Posted by vitaliano82 su giovedì, 17 aprile 08

La cosa ha fatto scalpore, molti non se lo sono spiegato, molti si sono arrabbiati, qualcuno ha gioito, altri hanno maledetto gli altri.

Ma il risultato è immodificabile, la sinistra arcobaleno è fuori dal parlamento.

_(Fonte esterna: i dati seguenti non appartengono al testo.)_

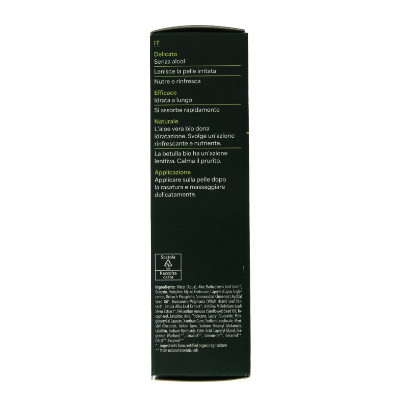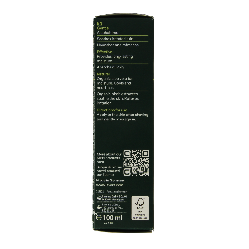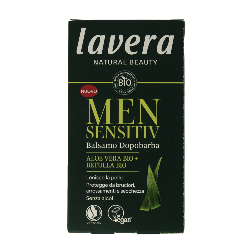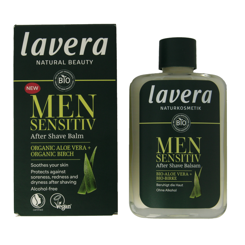 Zacht en zeer effectief: lavera Men Sensitiv After Shave Balm. Zonder alcohol, voorkomt een brandend gevoel van de huid, roodheid en een droge huid. Hydraterende, biologische aloe vera en biologische berk hyrateren, kalmeren en verfrissen. De balsem wordt snel geabsorbeerd en is natuurlijk vrij van kunstmatige kleurstoffen en conserveringsmiddelen*. (*volgens de EU-Cosmetica verordening)

I sondaggi indicavano che ci sarebbe stato un ridimensionamento del battaglione in quel del parlamento, ma nessuno si sarebbe aspettato che la sinistra arcobaleno raccogliesse meno senatori e deputati del SVP, ma anche del Movimento per le autonomia di Lombardo, raccogliesse gli stessi seggi della lista di Ferrara.

Zero, suona strano, sembra surreale ma in questa legislatura non ci sarà nessuno che si definisce di “Sinistra”.

Ho sentito e letto molte interpretazioni su questo tracollo. Tra le più divertenti metterei l’analisi di Diliberto (insieme a Rizzo) che ha accusato nella mancanza della falce e martello la causa della loro debacle. Oppure sul web (che non ha eguali in merito a ipotesi surreali e grottesche) si è letto di gente che ha accusato l’Italia (non i loro beniamini sia ben inteso) di essere un paese di merda o meglio che la colpa è di coloro che guardano “uomini e donne” o il “grande fratello” che non dovrebbero votare, perchè “non informati”.

Inteso che, se fosse passato questo editto di questo simpatico antagonista del suffragio universale, la sinistra arcobaleno si sarebbe trovata con non pochi voti in meno.

Queste balzane considerazioni sono il chiaro segno e sintomo del distacco che questa Sinistra ha dalla sua base elettorale presunta. Come dice bene il giornalista dell’Espresso Damilano, questa sinistra sembra più interessata all’elettorato del centro storico di Roma, della Roma bene e mondana piuttosto che sui deboli.

Ormai la sinistra muove i cuori solo dei “borghesi” intellettualoidi annoiati, gente che non ha mai visto da vicino un tornio o la difficoltà di arrivare alla fine del mese, ma conoscono solo la difficoltà di avere un pass per disabili per parcheggiare impunemente la loro Smart.

Questi “comunisti dalla pancia piena” si possono permettere elucubrazioni su un altro mondo possibile, sulla delinquenza che è frutto di questa società corrotta, mentre alle persone delle periferie che subiscono gli scippi, tocca di sperimentare sulla loro pelle gli altrui teoremi.

Il risultato di queste elezioni è stato chiaro, tanta gente si è ormai stancata di questa sinistra dei circoli privati e alle loro semplici domande hanno trovato gente credibile in altre sponde che è stata la lega al nord e il pdl al sud. Alcuni sono rimasti “fedeli” e hanno votato l’amerikano Veltroni, risultato più credibile di una sinistra che non ha saputo trovare nessun luogo migliore come base elettorale dell’hard rock cafè.

Quale sarà la prossima mossa per rimediare a questo tonfo?

Il ripristino della falce e martello come consigliano Diliberto, Rizzo e Ferrero?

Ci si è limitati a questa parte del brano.